Одновременно он достаёт пачку North State и держит её у меня перед носом. Я беру сигарету и закуриваю.

— North State, — поясняет он. — Здесь в Норвегии это называется South State.

— Правда?

— You do smoke, I not smoke. I жую табак.

Я улыбаюсь.

— Жевать табак, — спрашивает он, — как это будет по-английски?

Всё-то я знаю, только аэрофотоснимков у меня нет.

— To chew tobacco, — отвечаю я.

— Ту чу то-бэ-ко, — повторяет он, — сделай доброе дело, запиши мне это где-нибудь.

Сначала по-английски, потом в фонетической транскрипции, я записываю.

— Сразу видно, что ты много чему учился, — говорит моряк. — Если бы я знал хотя бы половину того, что ты, то я бы сейчас не сидел тут по приказу пароходства. Тогда бы я уж как-нибудь устроился так, чтобы меня не гоняли чёрт знает куда. Жил бы, где хочу. Мне эти мысли иногда спать не дают, честное слово. Если бы только в своё время у меня была возможность учиться…

Он опять смотрит в свою книжку. Листает. Постоянно задаёт вопросы. Жажда знаний.

Всё, что я ему отвечаю, я знаю так давно, что уже много лет это не приносило мне никакой радости. Но снимков у меня нет, и теперь за ними уже больше некуда обращаться.

Моряк всё больше и больше восхищается моими познаниями. Моя подавленность потихоньку улетучивается. В первый раз в жизни владение английским языком переполняет меня гордостью.

Он успокаивается только вручив мне в подарок все свои сигареты. Но когда стюардесса объявляет в микрофон, что мы идём на посадку, я вдруг вспоминаю, что забыл купить в Тронхейме рулетку.

11

По дороге на север, точно так же, как оскудевает растительность, деревья растут реже и сами они меньше, так и городские дома становятся всё ниже, и посёлки всё более разбросаны. Закон такой? Может быть, а может, и нет. Мне-то не всё ли равно?

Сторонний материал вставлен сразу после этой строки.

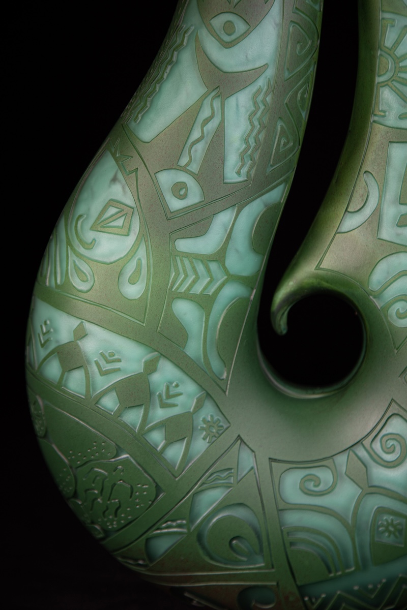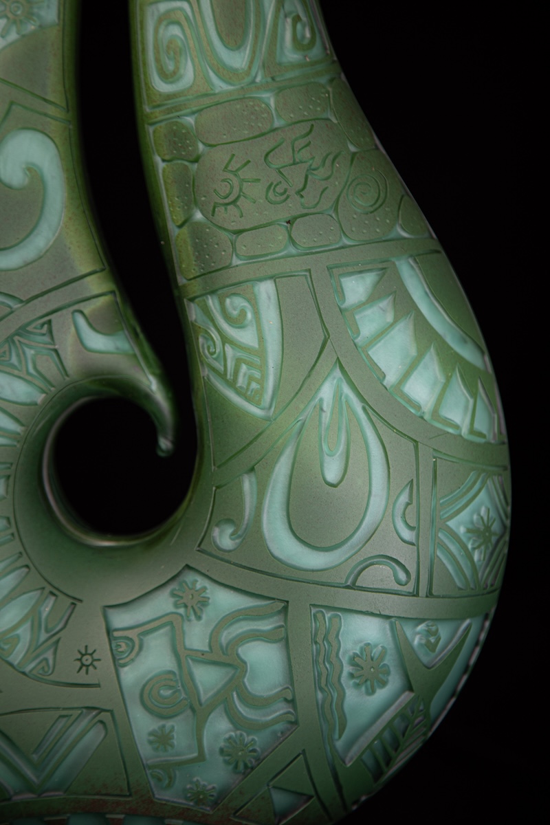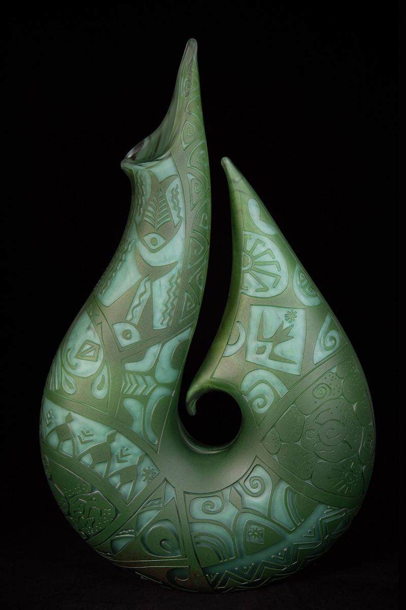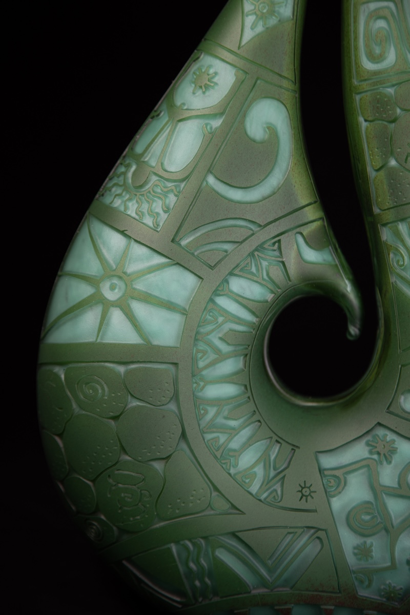 Handblown, carved and sandblasted glass Fishhook sculpture by Daniel Moe, made in collaboration with Tihoti

Я поеду дальше только завтра, и, кроме как открывать для себя подобные истины, делать мне пока больше нечего.

Наступление вечера в Тромсё почти незаметно. Здесь в это время года вообще никогда не темнеет. Царство незаходящего солнца: подходящая фраза для надписи на открытке, которую надо бы послать матери.

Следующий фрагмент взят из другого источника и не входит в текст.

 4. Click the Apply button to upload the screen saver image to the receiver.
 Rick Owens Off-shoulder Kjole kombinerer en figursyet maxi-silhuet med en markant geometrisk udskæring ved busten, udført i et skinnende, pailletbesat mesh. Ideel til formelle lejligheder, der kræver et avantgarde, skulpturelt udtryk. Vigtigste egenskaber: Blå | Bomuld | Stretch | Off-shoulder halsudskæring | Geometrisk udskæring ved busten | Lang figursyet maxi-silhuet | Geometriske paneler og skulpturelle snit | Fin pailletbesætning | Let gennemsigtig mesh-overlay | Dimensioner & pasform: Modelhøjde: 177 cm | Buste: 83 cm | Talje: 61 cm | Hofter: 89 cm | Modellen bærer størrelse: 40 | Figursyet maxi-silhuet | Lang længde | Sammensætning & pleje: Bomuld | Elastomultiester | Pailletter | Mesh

Я иду по улице между деревянных домов, покрашенных в голубой цвет. Светит солнце, не выходной и не праздник, и всё-таки никто не работает, потому что время — половина одиннадцатого. Народ слоняется по улицам, спать ещё явно никто не хочет. Парни выглядят точь-в-точь как в голландских провинциальных городках и вертятся вокруг такого же типа девиц, причёсывающихся прямо на ходу. Только мороженое они едят из огромных рожков, гораздо больших, чем у нас. Машин почти нет. Почти нереальный звуковой фон, в котором преобладают шаги.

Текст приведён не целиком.